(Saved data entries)
╔══
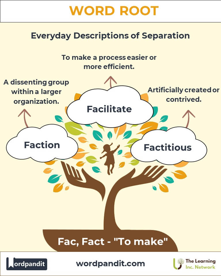 Example: "The party was divided into factions with differing opinions on policy." - Facilitate: To make a process or action easier or smoother.
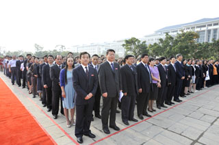 面对鲜艳的五星红旗冉冉升起,庄严雄壮的中华人民共和国国歌声响彻新校园每个角落。此时爱国激情澎湃在广大师生胸间,爱校情怀激荡在昆院人心田。昆院人为伟大祖国的繁荣富强进步而倍感自豪,为开云kaiyun官方网站的欣欣向荣而昂扬振奋!
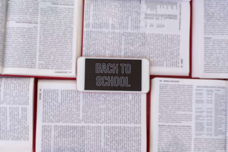 Welcome back to school background. Top view of a smart mobilephone over lot of opened books. Wisdom, knowledge, education concept.
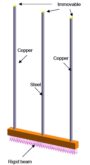テスト番号VTL01 荷重と均等な温度上昇を受ける剛性のある梁、鋼製、銅製のバーを用いた支持構造の応力を求めます。
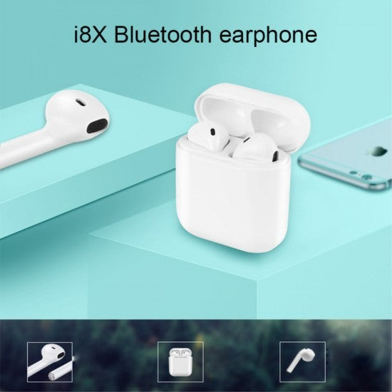 Casti Wireless Bluetooth MKJ-I8X Earbuds Kadeny, Alb
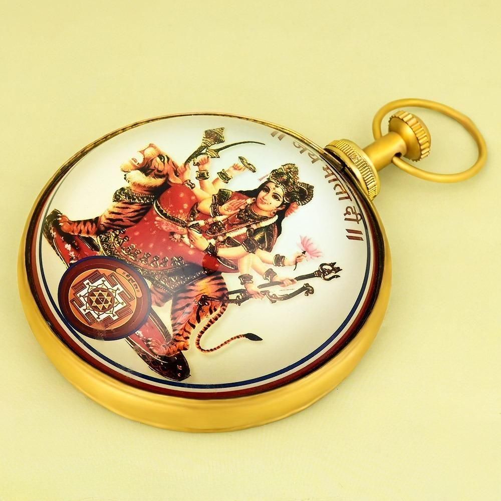 ドゥルガー女神とヤントラが、拡大して見えるよう、表面がドーム状のクリスタルガラスで覆われた、重厚な真鍮製のヤントラです。ドアや壁、祭壇などに掛けてお祀り頂けます。
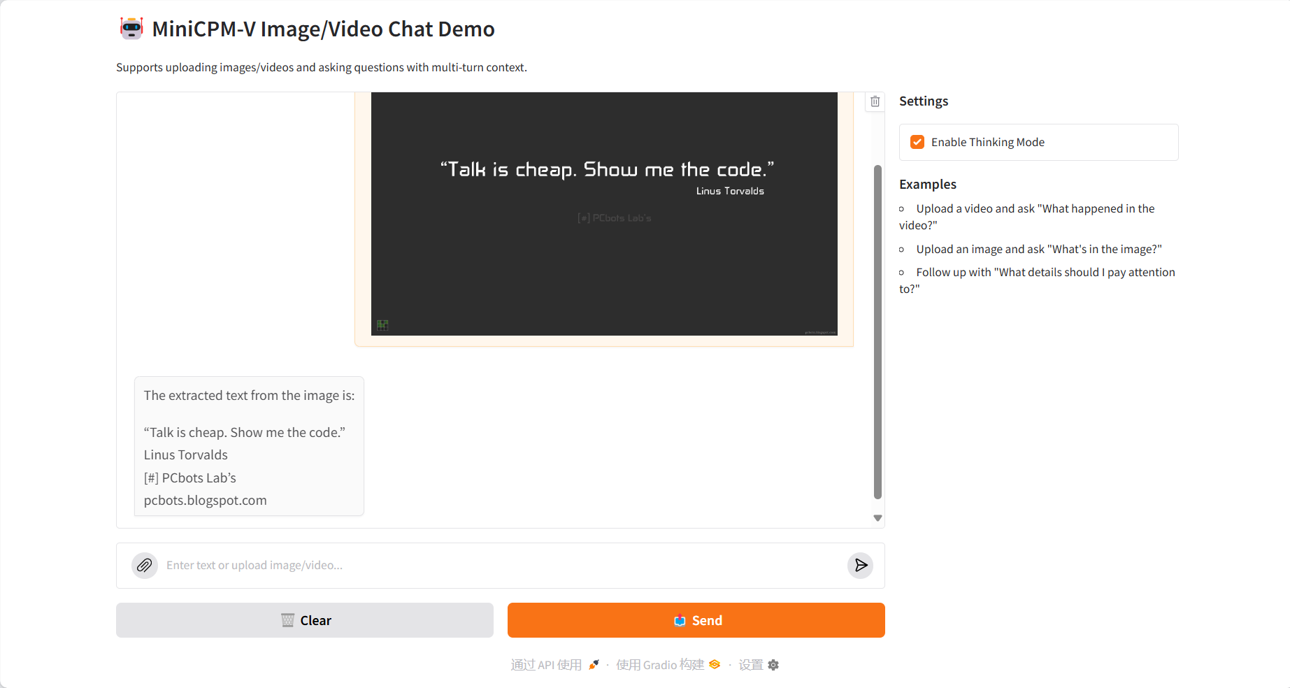 MiniCPM-V 4.5 is an extremely efficient large-scale end-side model open-sourced by the Natural Language Processing Laboratory of Tsinghua University and Mianbi Intelligence in August 2025. MiniCPM-V 4.5 has 8B parameters. The model has excellent performance in many fields such as pictures, videos, OCR, etc., especially in the understanding of high-refresh videos. It can process high-refresh-rate videos and accurately identify content. The model supports hybrid inference mode to balance performance and response speed. MiniCPM-V 4.5 is end-side deployment-friendly, with low video memory usage and fast inference speed. It is suitable for application in car computers, robots and other devices, setting a new benchmark for the development of end-side AI. The relevant paper results are "MiniCPM-V: A GPT-4V Level MLLM on Your Phone".
╚══
What needs to be done
Only the lines from the line that contains "テスト番号VTL01 荷重と" through the end of the entries are to be written out, exactly and without pictures, both ends included.

Written response
テスト番号VTL01 荷重と均等な温度上昇を受ける剛性のある梁、鋼製、銅製のバーを用いた支持構造の応力を求めます。
 Casti Wireless Bluetooth MKJ-I8X Earbuds Kadeny, Alb
 ドゥルガー女神とヤントラが、拡大して見えるよう、表面がドーム状のクリスタルガラスで覆われた、重厚な真鍮製のヤントラです。ドアや壁、祭壇などに掛けてお祀り頂けます。
 MiniCPM-V 4.5 is an extremely efficient large-scale end-side model open-sourced by the Natural Language Processing Laboratory of Tsinghua University and Mianbi Intelligence in August 2025. MiniCPM-V 4.5 has 8B parameters. The model has excellent performance in many fields such as pictures, videos, OCR, etc., especially in the understanding of high-refresh videos. It can process high-refresh-rate videos and accurately identify content. The model supports hybrid inference mode to balance performance and response speed. MiniCPM-V 4.5 is end-side deployment-friendly, with low video memory usage and fast inference speed. It is suitable for application in car computers, robots and other devices, setting a new benchmark for the development of end-side AI. The relevant paper results are "MiniCPM-V: A GPT-4V Level MLLM on Your Phone".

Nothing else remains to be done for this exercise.